Croisé dans la navette vers le Centre aquatique olympique de Saint-Denis, Carlos Pérez Gallardo manie l’ironie. «J’étais resté sur de mauvaises images, des gens pas vraiment accueillants avec les touristes mais ça n’a pas été le cas, raconte le photographe qui bosse pour l’agence Reuters. Mais c’est peut-être parce que la plupart des Parisiens étaient partis pendant les Jeux.» Le Mexicain, d’ordinaire basé à Los Angeles, qui accueillera les JO d’été en 2028, décerne deux médailles d’or ex aequo : les sites de compétition – «les meilleurs de l’histoire» – et ses bouffes au resto. Côté gastronomie, la révolte a un peu grondé dans les centres de presse – «des bananes, quelques biscuits, et surtout, des citernes de café tiède et imbuvable», déplore Sze Man Yip – et au village olympique après les critiques de certains athlètes. Rabibochés avec la France (et Sodexo) par la grâce d’un muffin chocolat devenu la star des réseaux sociaux.
«L’ambiance était folle»
L’ambiance dans les stades, dont s’est délecté un Armand Duplantis biberonné aux applaudissements depuis son plus jeune âge, «était très cocorico, mais en même temps bon enfant, avec du respect pour les athlètes et équipes étrangères», salue le Belge Philippe Vande Weyer, qui a assisté comme ses collègues à la naissance d’une légende tricolore prénommée Léon pendant la première semaine de compétition. Carlos Pérez Gallardo shootait du handball lors d’une des quatre médailles d’or du Français : «Le match a été interrompu à cause de sa course. L’ambiance était folle. Il y a quelques jours, Marchand pouvait se promener dans les rues, personne ne le reconnaissait. Maintenant c’est une superstar. C’est agréable de voir éclore un héros local.»

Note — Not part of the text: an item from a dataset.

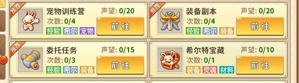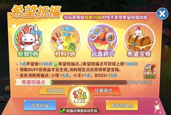 11、当天任务全部结束后,获得的声望点会1:100转化为希望祝福点,冒险者可以利用希望祝福点去推荐练级点进行挂机获取6倍收益!除了可以获得经验以外还能获取各类丰富的道具哦!

Mais il en fallait bien qui dépareillent dans ce concert louangeur. Et ce fut le journal Ethnos, pour qui 2024 marquera «les pires JO de l’histoire». Une sombre histoire d’arbitrage défavorable à certains athlètes nationaux et un décor désapprouvé – tour Eiffel partout, bon goût nulle part, selon eux : «A Athènes en 2004, on avait l’Acropole et des monuments issus d’une civilisation lumineuse, on n’a pas gavé les téléspectateurs avec ça.» Un seum olympique.